Figure 4.4. Basic UML class diagram that summarizes the key features of the MediaType class. The class implements both the Comparable and Serializable standard Java interfaces. The type name, its subtype, and the associated type parameters are all available through getter methods, and the MediaType can be serialized to human-readable form by calling the toString method.

The static MediaType.parse(String) method is used to turn media type strings such as text/plain; charset=UTF-8 to MediaType instances. The type parser is flexible and tries to return a valid media type even for malformed inputs, but will return null if passed a string like “this is not a type” that simply can’t be interpreted as a media type.

The following example shows how to use the key methods of the MediaType class. Full details of the class can be found in the API documentation on the Tika website:

MediaType type = MediaType.parse("text/plain; charset=UTF-8");

System.out.println("type:    " + type.getType());
System.out.println("subtype: " + type.getSubtype());

Map<String, String> parameters = type.getParameters();
for (String name : parameters.keySet()) {
    System.out.println(" " + name + "=" + parameters.get(name));

Individual MediaType instances don’t do much, but they form the basis for higher-level concepts such as the MediaTypeRegistry class we’ll encounter in the next section.

4.2.3. The MediaTypeRegistry class

The type information included in mime-info XML databases and other sources can be accessed through the MediaTypeRegistry class. As the name indicates, an instance of this class is a registry of media types and related information. The MediaTypeRegistry class and its important features are described in figure 4.5.

Figure 4.5. UML class diagram that summarizes the key features of the MediaTypeRegistry class. The class allows the set of loaded MediaType object instances to be returned as a SortedSet, and allows a user to obtain a SortedSet of aliases belonging to a particular MediaType.

Tika contains a fairly extensive media type database that you can access using the static MediaTypeRegistry.getDefaultRegistry() method. The following example uses this method to print out all the media types and type aliases known to Tika. That’s more than a thousand types!

MediaTypeRegistry registry = MediaTypeRegistry.getDefaultRegistry();

for (MediaType type : registry.getTypes()) {
    Set<MediaType> aliases = registry.getAliases(type);
    System.out.println(type + ", also known as " + aliases);

Now that we’ve studied the media type registry, we’ll show you how the power and flexibility of Tika’s media type detection mechanism is driven by the richness of the information captured in its media type registry (aka MIME database, mime-info file, and the rest of the aliases we’ve given it so far). So, in other words, the more accurate, more fleshed-out, and more easily accessible and updateable Tika’s media type registry is, the better your programs and software that leverage Tika will be able to discern the right application to handle files that you’ll encounter.

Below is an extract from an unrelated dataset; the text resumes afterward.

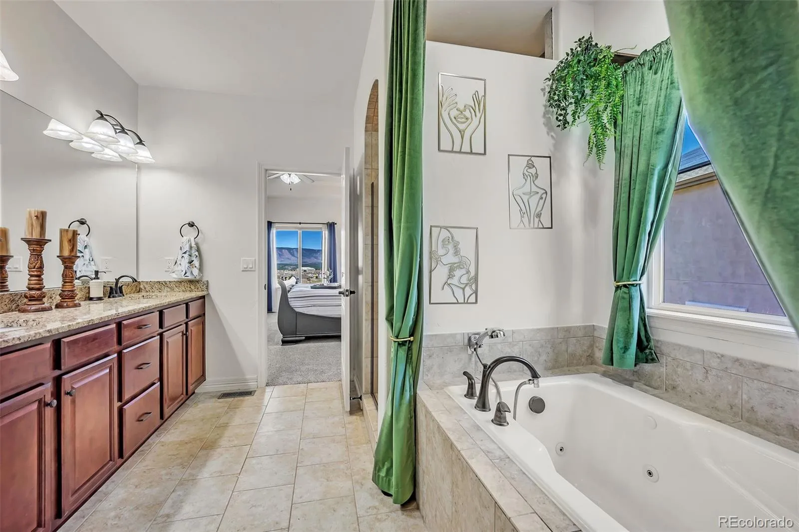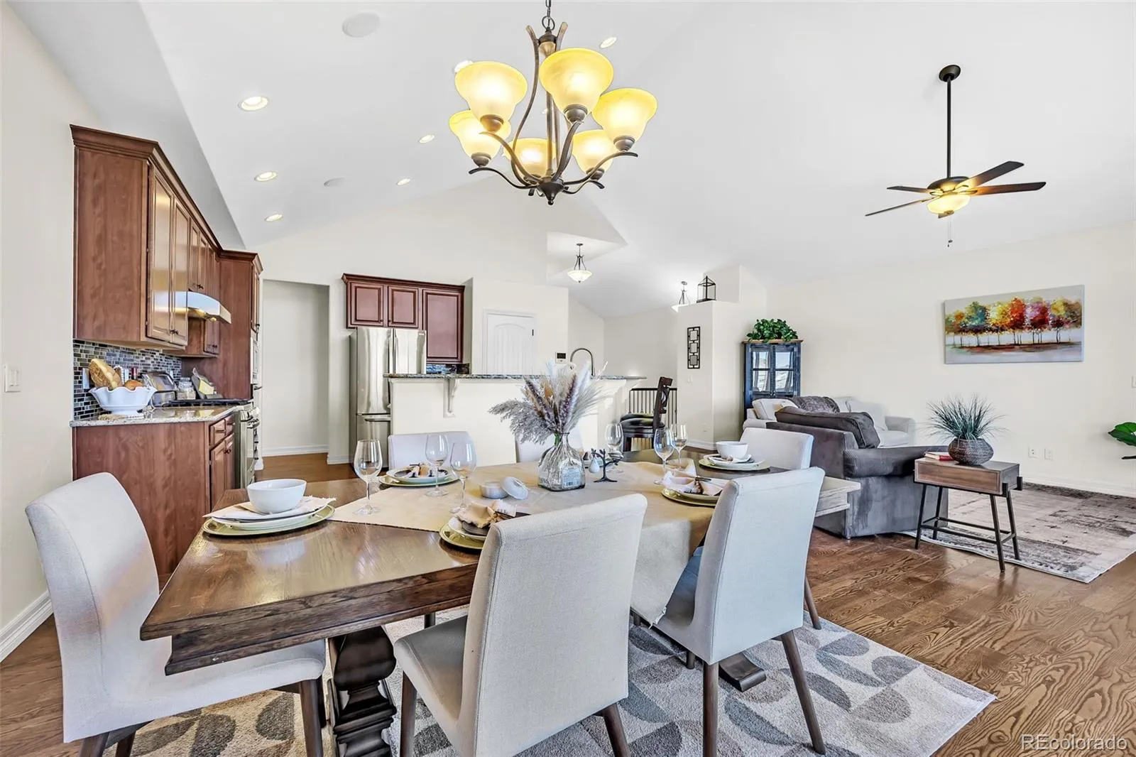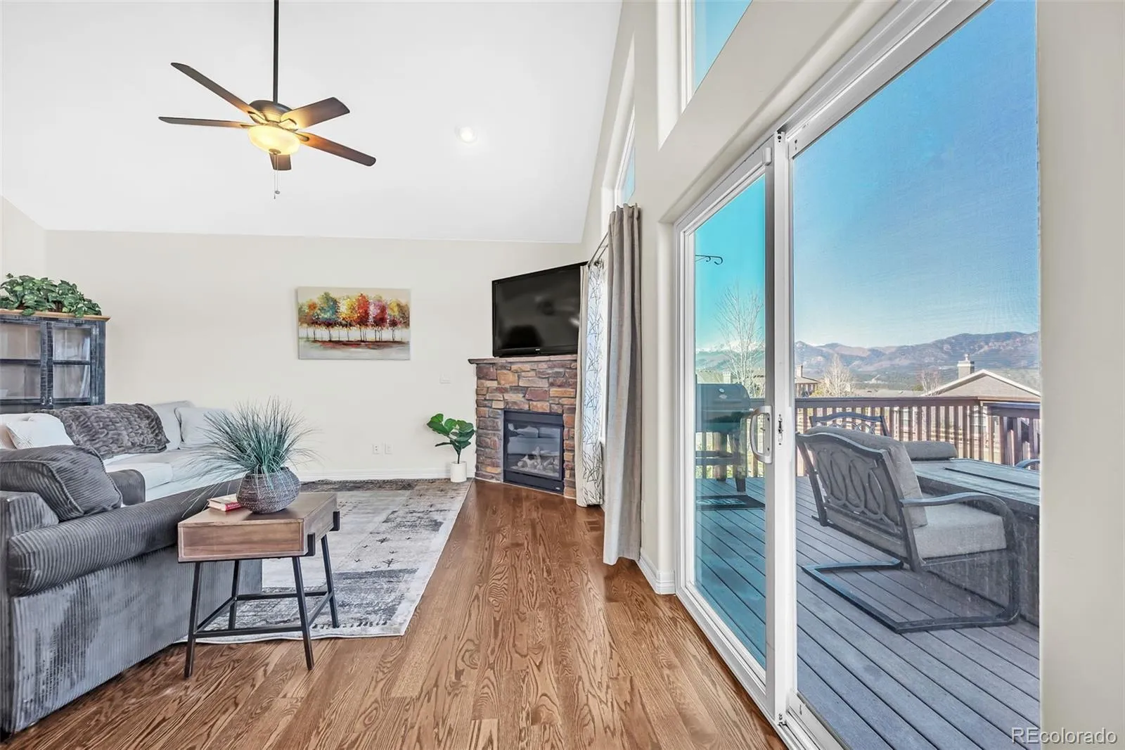 THE VIEWS!!! Nestled in prestigious Flying Horse, this stunning home backs to the Air Force Academy & offers unbelievable views. Boasting 6 bedrooms, 4 bathrooms, and a fully finished 3-car garage with an EV wall adapter, situated on a spacious lot with breathtaking panoramic mountain views. Numerous upgrades throughout, including hardwood floors, new carpet, granite countertops in kitchen, wet bar & bathrooms, this home is the epitome of comfort and style. Main level features an open-concept design, a gourmet kitchen with granite countertops, a walk-in pantry, a counter bar, 42” cabinets, upgraded appliances, a gas stove, and a dual oven—all seamlessly connected to the attached dining area and living room with a wall of windows looking out to the mountain range. The living room includes a cozy gas fireplace and large windows that open to a deck, perfect for enjoying those incredible views. The primary suite on the main level showcases vaulted ceilings, scenic mountain views, and a luxurious en-suite 5-piece bath with a jetted tub, double vanity, and convenient access to the walk-in closet and laundry room. Three additional bedrooms, including two with a Jack-and-Jill bath, and a half bath complete the main level. Perfect for entertaining, the expansive finished walkout basement offers a large wet bar and ample space for pool and/or ping pong tables, card games, or gatherings to watch your favorite sporting event. There are 2 additional bedrooms, a full bathroom with a double vanity and plenty of storage space. The larger junior master bedroom suite in the basement has a walk in closet w/ their own separate access to the full bath. Backing to the mountain range, this home offers unbeatable outdoor living—relax on the patio, enjoy views of Pikes Peak and the Air Force Academy, or unwind by the fire pit. Located in District 20 Schools and convenient to shopping and I-25, this move-in-ready home combines style, convenience, and unparalleled scenery. Don’t miss it!

A key part of the richness of the media type registry is the notion of media type hierarchies. Type hierarchies tell your applications things like the fact that the media type application/xml is a subtype of plain text (text/plain), and can be viewed in a text editor, not something like QuickTime for viewing movies.

4.2.4. Type hierarchies

Many media types are based on a more generic format. For example, all text/* types like text/html are supposed to be understandable even if treated as plain text, like when using the View Source feature included in most web browsers. It’s thus accurate to say that text/html is a specialization of the more generic text/plain type.

These kinds of type hierarchies (parent-child relationships, or specializations) are different from the type/subtype categorization encoded in the standard internet media type system. Even though text/plain can be seen as a supertype of all text/* types, there’s no similar generic format for all image/* types. In fact the Scalable Vector Graphics (SVG, image/svg+xml) format is based on XML (application/xml) and thus SVG images can also be processed as XML documents, the gist of which is demonstrated in figure 4.6. Such type relationships are often indicated with a name suffix like +xml. For example, the Electronic Publication (Epub, application/epub+zip) format used by many electronic books is actually a Zip archive (application/zip) with some predefined content.

Figure 4.6. Four levels of type hierarchy with the image/svg+xml type. The SVG image can be processed either as a vector image, as a structured XML document, as plain text, or ultimately as a raw sequence of bytes.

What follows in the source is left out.